By Kevin Werner, News Staff
The Pan Am Stadium should be “substantially completed” by July 26, the home opener for the Hamilton Tiger-Cats this season, say officials building the $145.7 million facility.
But the consortium constructing the stadium, Ontario Sport Solutions, acknowledges the project remains about three weeks behind schedule because of the severe winter weather, and current spring rain that has delayed needed work on the project.
“We have gone through extraordinary weather,” said Garreth Barkey, site supervisor, during a media briefing April 29 at the stadium site. “We are not were we want to be in zero delays.”

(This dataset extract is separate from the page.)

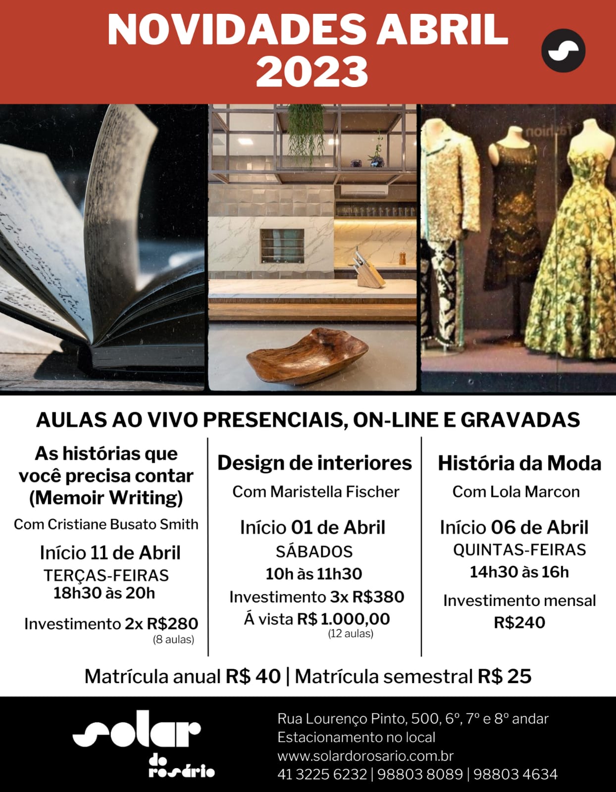 Novidades em cursos e oficinas para abril já estão confirmadas no Solar do Rosário. Cursos contínuos de escrita, história da arte e da moda e design, entre outros, completam as opções para o próximo mês no centro cultural. Mais informações pelos telefones (41) 3225-6232 – 98803-4634 – 98803-8089. As inscrições estão abertas.

Stadium officials had earlier announced a stadium tour for city officials and media, but it was cancelled due to the wet and rainy weather. Barkey said some work can continue inside the stadium while it rains. But if it persists over a number of days, problems could arise, he said. The consortium also had to replace earlier this year a well-known contractor, Waterloo-area Kappeler Masonry after the company went into receivership.
A few months ago officials had stated the project would be substantially completed by June 30. Substantially completed, as defined in the contract with InfrastructureOntario, said Barkey, means occupying the facility without safety or health concerns. But Barkey acknowledged that date is now gone. Officials are now targeting July 26, the Hamilton Tiger-Cats first home game, against the expansion Ottawa Red/Blacks, as the stadium’s completion date.

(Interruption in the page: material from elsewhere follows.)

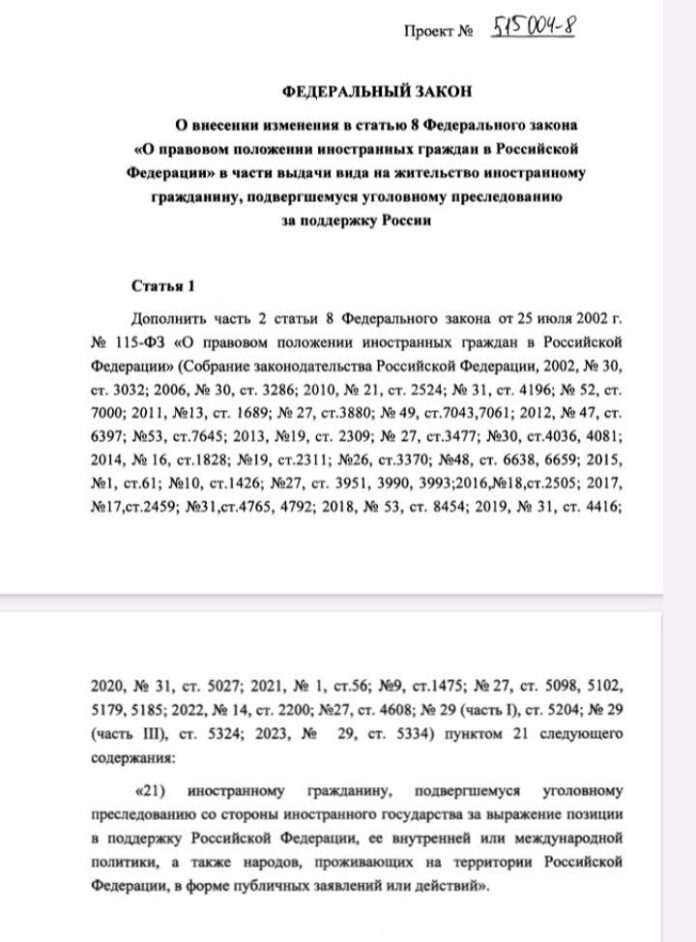 Вид на жительство в России смогут получить иностранцы, которые подверглись уголовному преследованию за «выражение позиции в поддержку России, ее внутренней или международной политики и гражданам РФ», сообщается в пояснительной записке к законопроекту:

“That is our single and only goal, to make this building game ready on the 26th,” said Barkey.
And even then work is expected to continue up to two months to complete the project, he said.
The majority of the work at the stadium involves mechanical and electrical. There are about 350 people on site, with about one-third involved in mechanical or electrical projects, said Barkey. He said trades people are working up to 12 hour days, including Saturdays.
Tiger-Cats officials remain upbeat they will be playing their home opener in late July. Glen Gibson, president of the Tiger-Cats, said even though they have a contingency plan in case the stadium isn’t ready, they don’t expect to use it.
“We always said we weren’t going to get involved (in talking about the contingency plan) because we didn’t expect we would ever use it,” said Gibson. “We maintain we will be playing on the 26th of July in that stadium. We will do everything we can to make sure that happens.”
Hamilton’s General Manager of Public Works Gerry Davis remains “optimistic” the stadium will be completed on time. City officials, including building and permit personnel are overseeing the work, he said.
“Progress is happening,” he said.
The entire project is being quarterbacked by InfrastructureOntarioand any missed deadlines will be up to the provincial organization to solve.
John McKendrick, executive vice president for major projects, echoed Barkey’s goal of finishing the project by July 26. If the developer doesn’t meet its obligations, the contract stipulates the developer must pay the Tiger-Cats $1 million for every home game missed.
Ancaster councillor Lloyd Ferguson, chair of the Pan Am Stadium Precinct sub-committee, remains concerned about the delays.
“It’s going to be a tough push (to meet the July 26th deadline),” saidFerguson. “This is not going to be easy.”
For instance, even though holes were being drilled into the pre-cast concrete for the stadium seating, and before the seating can be installed a coating on the pre-cast concrete needs to be done first. Ferguson says it needs to be dry for the coating to be done. The weather forecast for the next few days includes rain.
Meanwhile, Gibson announced the football club will be giving two tickets to each person who worked on the stadium in a show of appreciation. The offer, which expires May 7, will allow a person to attend the July 31 game against the Blue Bombers, Aug. 16 against Calgary, or Sept. 20 contest against Edmonton.